HP Caliper User's Guide
dcache Measurement Report Description
With the dcache measurement, produced by the dcache measurement configuration
file, HP Caliper measures and reports on data cache metrics. This measurement is
similar to the icache measurement.
The report shows two levels of information:
• Exact counts of data cache metrics summed across the entire run of an application
• Sampled data cache metrics that are associated with particular locations in the
application
The sampled metrics also provide detailed latency information by breaking up the
misses into eight different latency buckets based on latency cycles. The different buckets
provide percentage of misses with different latency ranges.

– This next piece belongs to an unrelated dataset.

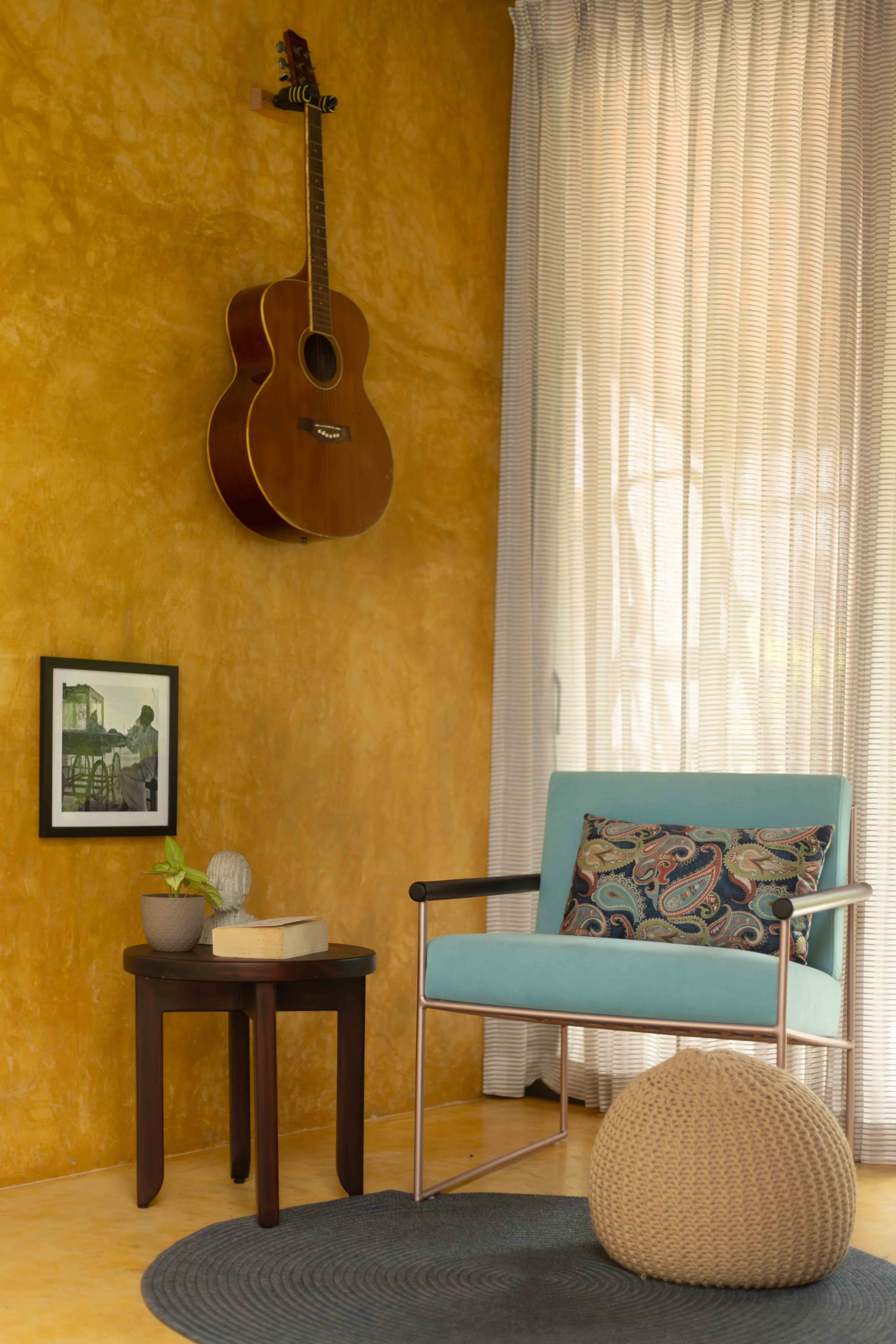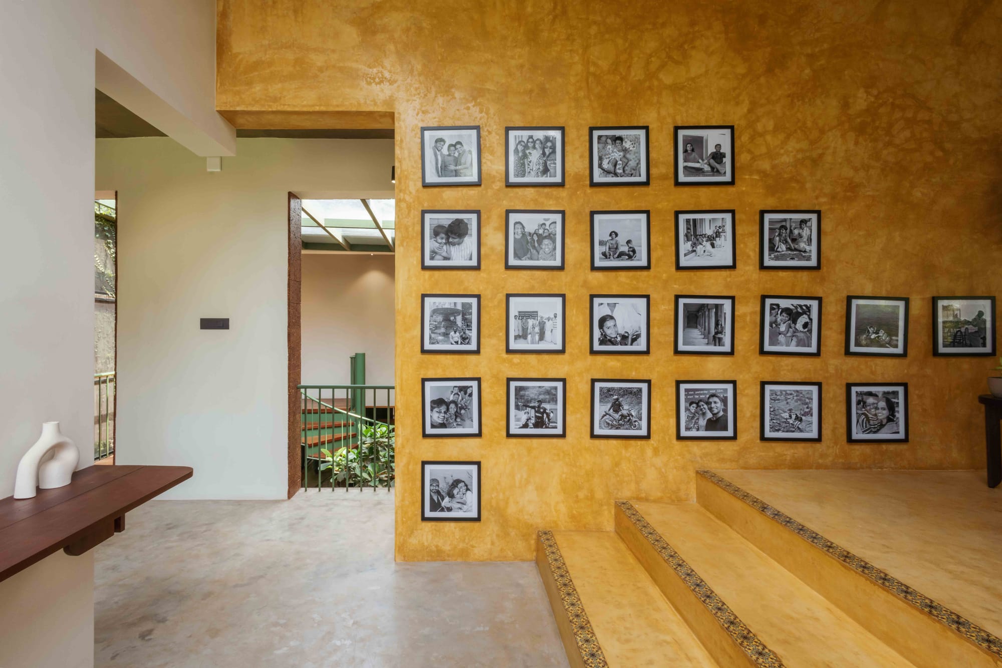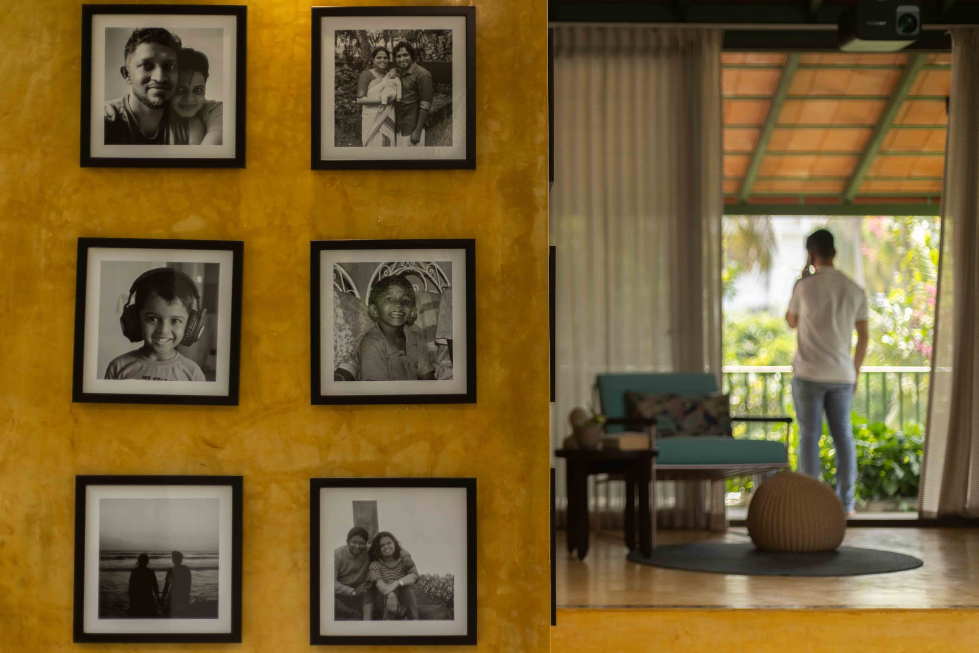 Arranged as a grid against the golden backdrop, these monochrome images transform the room into a deeply personal narrative—turning architecture into an emotional archive.

A latency bucket is a grouping of latency data associated with data accesses serviced
by particular levels of CPU cache and system memory. The different latency buckets
can be one of the following: L2 cache access, L3 cache access, and memory access. On
cell-based systems, the following additional buckets are provided: cell local memory
access, 1–hop memory access, 2–hop memory access, and cache-to-cache (C2C) access.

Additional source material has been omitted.